### Information supplied:

--- START ---

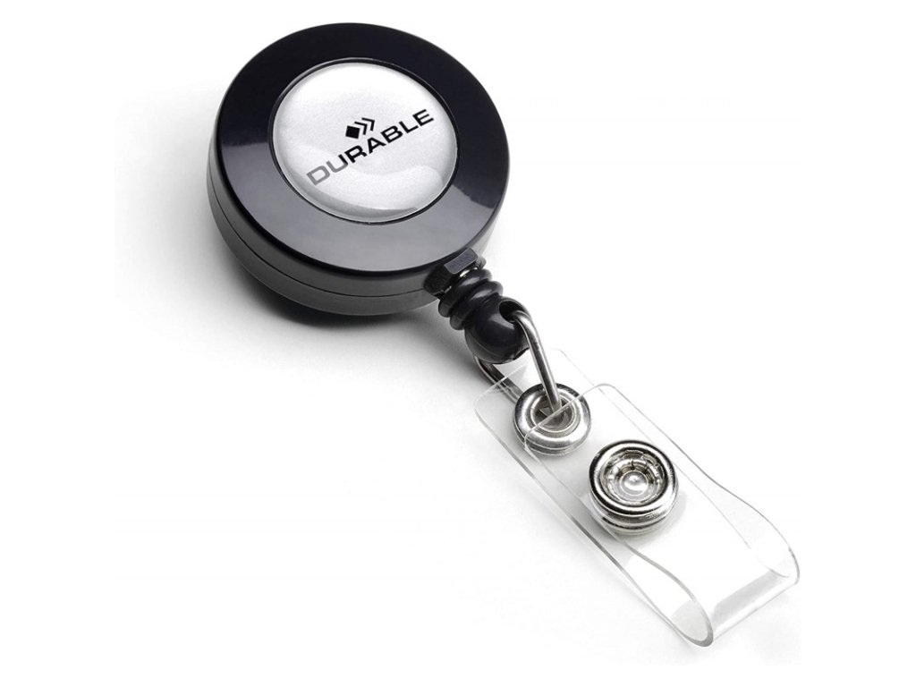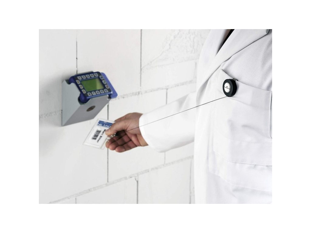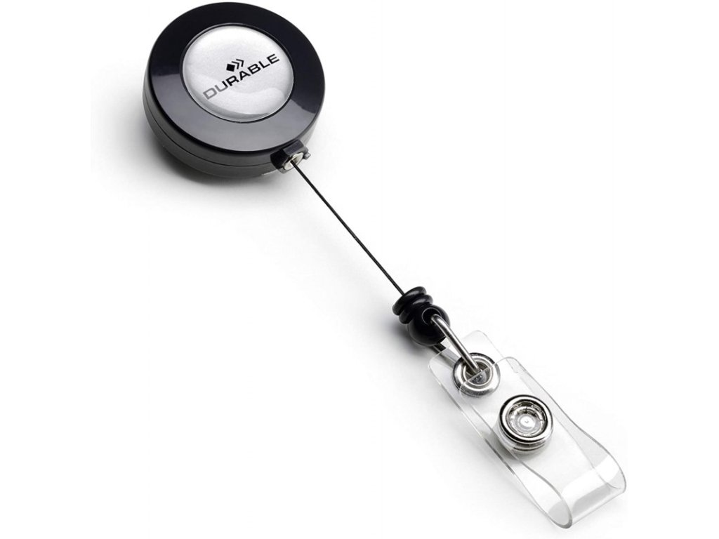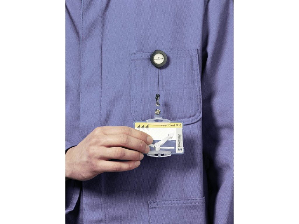 - Držák na průkazy se spolehlivou navíjecí mechanikou pevně udrží jmenovky a přístupové karty.
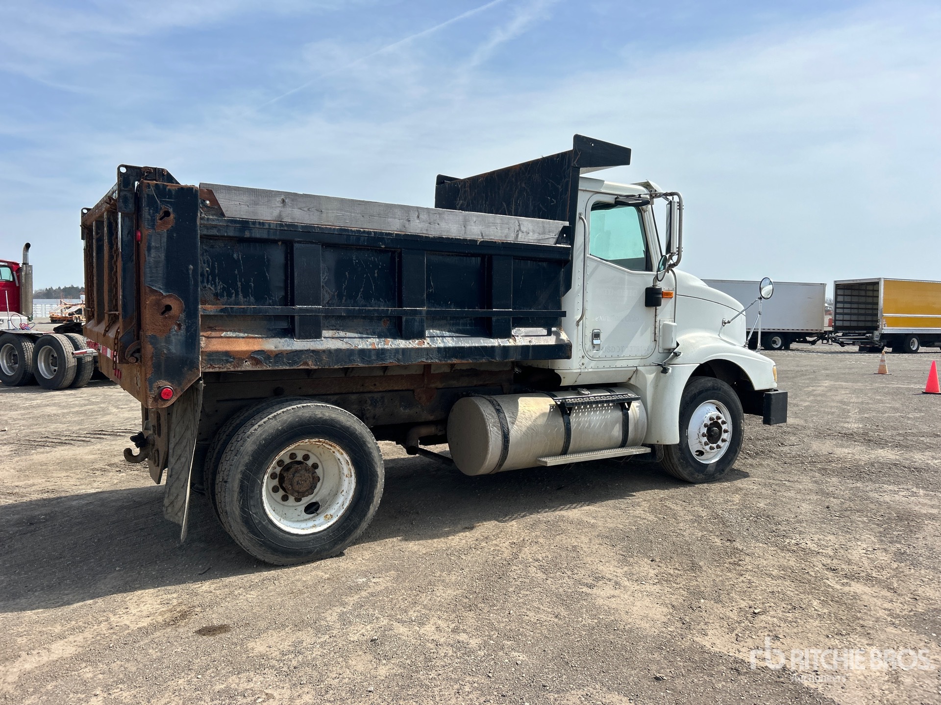 Cat C-12 6 Cylinder 11.9 L Diesel 425 hp Engine, 2003 US EPA Label, 19420 Engine hrs, Eaton Fuller 10-Speed Manual Transmission, 12000 lb Front Axle, 20000 lb Rears, 32000 lb GVWR, 275/80R22.5 Front Tires, 11R22.5 Rear Tires, Air Ride Suspension, 169 in Wheelbase, PTO, Godwin 10 ft Long x 3 ft High Steel Body, Pintle Hitch
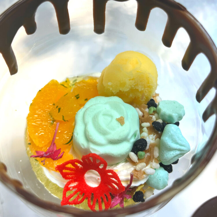 柑橘系のフルーツとミントの爽やかなパフェ
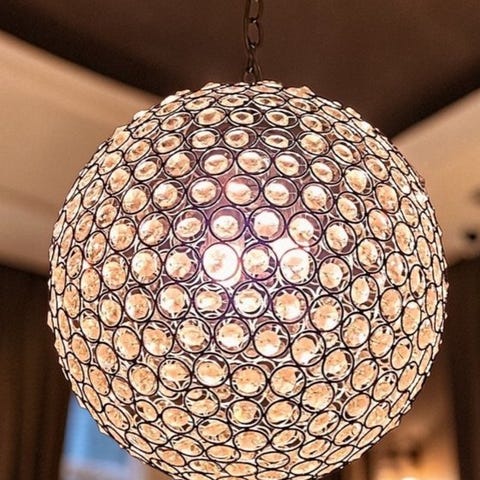 Stor krystal-pendellampe fra cristallstrass, Italien, i næsten ny tilstand, midcentury modern stil med Art Déco-inspirerede facetperler og en gylden buet ramme, 58 cm bred, 40 cm høj (80 cm med kæde), dybde 40 cm, fra 2020+, i funktionsdygtig stand og komplet. Klik på den blå "gå til varen" knap, for at købe eller byde på denne vare. Den samlede pris vil blive vist inden du afgiver dit bud.

--- END ---

### What the exercise asks:
Without the pictures, transcribe the listing above exactly.

### Answer space:
 - Držák na průkazy se spolehlivou navíjecí mechanikou pevně udrží jmenovky a přístupové karty.
 Cat C-12 6 Cylinder 11.9 L Diesel 425 hp Engine, 2003 US EPA Label, 19420 Engine hrs, Eaton Fuller 10-Speed Manual Transmission, 12000 lb Front Axle, 20000 lb Rears, 32000 lb GVWR, 275/80R22.5 Front Tires, 11R22.5 Rear Tires, Air Ride Suspension, 169 in Wheelbase, PTO, Godwin 10 ft Long x 3 ft High Steel Body, Pintle Hitch
 柑橘系のフルーツとミントの爽やかなパフェ
 Stor krystal-pendellampe fra cristallstrass, Italien, i næsten ny tilstand, midcentury modern stil med Art Déco-inspirerede facetperler og en gylden buet ramme, 58 cm bred, 40 cm høj (80 cm med kæde), dybde 40 cm, fra 2020+, i funktionsdygtig stand og komplet. Klik på den blå "gå til varen" knap, for at købe eller byde på denne vare. Den samlede pris vil blive vist inden du afgiver dit bud.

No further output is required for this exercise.